Although this film is set in the nineteenth century, Davies rejects many of the conventions of this type of period piece even while he plays a sly lip service to them. All the men and women of this milieu of landed gentry go everywhere in coat and tie, dress, and parasol. Except, unlike any number of Jane Austin adaptations, the dresses and bonnets and coats look lived in, are dingy sometimes, seem – as is more historically accurate – that they haven’t been cleaned as often we expect these days. There is a charming scene of a dance and, unlike all those Austin adaptations, people dance in a home in which furniture is placed and, as a result, they bump into each other and look awkward as they attempt to waltz in a space meant to be lived in. When these characters serve tea, the glasses clink clumsily as they struggle with heavy pots. Davies’ attention to his interiors rivals Wes Anderson’s but without the fey whimsy. In modern realistic film, the majority of interiors, especially in art films, are on location, but Davies’ films seem to be really lived in, seem to picture places that truly belong to the characters. Not only in A Quiet Passion, but in such locations as the lovers’ apartment in The Deep Blue Sea (2011) or the young couple’s cabin in Sunset Song (2015), these interiors seem to have been inhabited for a much longer time than the two-hour running time of the typical film.

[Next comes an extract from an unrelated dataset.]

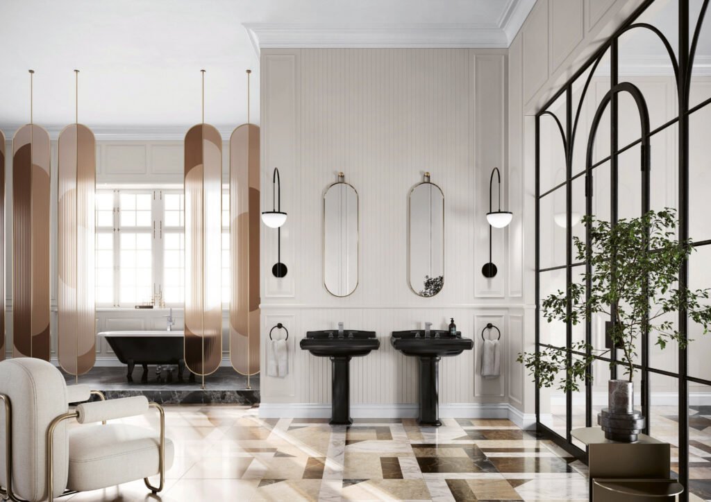 Es gibt sie: Inspirierende Epochen, die ihren charakteristischen Zeitgeist bis in unseren heutigen Alltag transportieren. So auch die Bad-Kollektion „Hommage“ von Villeroy & Boch, die in die Metropolen der Welt Anfang des 20. Jahrhunderts entführt. Hier, wo sich das Image des Badezimmers erstmals weg von der reinen Nasszelle und hin zum eleganten Lifestyle-Ort transformierte. Nun nimmt das Traditionsunternehmen sein eigenes 275. Firmenjubiläum zum Anlass, um seinen Bad-Designklassiker neu zu interpretieren. „Hommage an Hommage“ verkörpert den luxuriösen Stil der frühen 1900er Jahre, kleidet sich optional aber in der modernen, ausdrucksstarken Keramikfarbe Pure Black!

Part of the living, breathing quality of these rooms is the way in which they’re filmed. Davies is the master of the slow pan. There is a scene in A Quiet Passion which runs the circumference of a nighttime room, the family sitting by the fire – reading, sewing, writing, lost in thoughts. Nixon reads the words of one of Dickinson’s poems in voice-over:
The heart asks pleasure first,
And then, excuse from pain;
And then, those little anodynes
That deaden suffering;
And then, to go to sleep;
And then, if it should be
The will of its Inquisitor
The liberty to die.
After the camera makes its circuit of the room, Emily’s mother (Joanna Bacon) asks Emily to play a hymn which leads Mother to reminisce about a boy she knew who died at the age of eighteen. Many of Dickinson’s poems are offered in this way throughout the film. They seem to grace the action, to glance at it and speed past into the cosmos. All, except for the last one spoken as Dickinson’s coffin is carried to her grave. Of course it’s “Because I could not stop for Death.” What else could it be?
Davies has created a remarkable film, similar in a way to Jim Jarmusch’s recent Paterson (2016) though with a completely different tone. These films capture what the writing life is like, they’re contemplative and quiet even amidst their sorrow and play and invention. They reveal writing as not just putting pen to paper, but a way of being in the world. They’re unhurried in the development of their story arcs; in fact, to many mainstream audiences they’ll probably not seem to have story arcs. They’re far superior to the typical biopic of famous artists – Pollock (2000), Sylvia (2003) – because they recognize that creating art is not just suffering and obsession, but there is also pleasure to it, a way of enduring the hours, making sense of the world. A Quiet Passion can be messy and meandering. The plot is sometimes elliptical, important events take place off-stage with barely a passing mention. This is not new to Davies; he has often seemed more interested in moments than in plots, in the play of light and darkness off an interior or a face rather than the “and then, and then” of narrative.
In addition to the cinematography and settings, Davies is clearly very interested in working with actors. Catherine Bailey is effervescent and Jennifer Ehle anchors much of the action with her subtle, hushed performance. Keith Carradine is a commanding presence as the family patriarch, a stern but loving figure who clearly takes pride in his intelligent and willful children even if he doesn’t completely understand them. He says early to Emily at an opera, “It’s disgraceful to see a woman on stage.” Carradine, with this performance and his recent supporting role in the first season of the TV show Fargo (2014), seems to be in the midst of a late-career renaissance similar to the one that Christopher Plummer went through a few years ago. I think he’s better than he’s ever been and can’t wait to see him in whatever he appears in next.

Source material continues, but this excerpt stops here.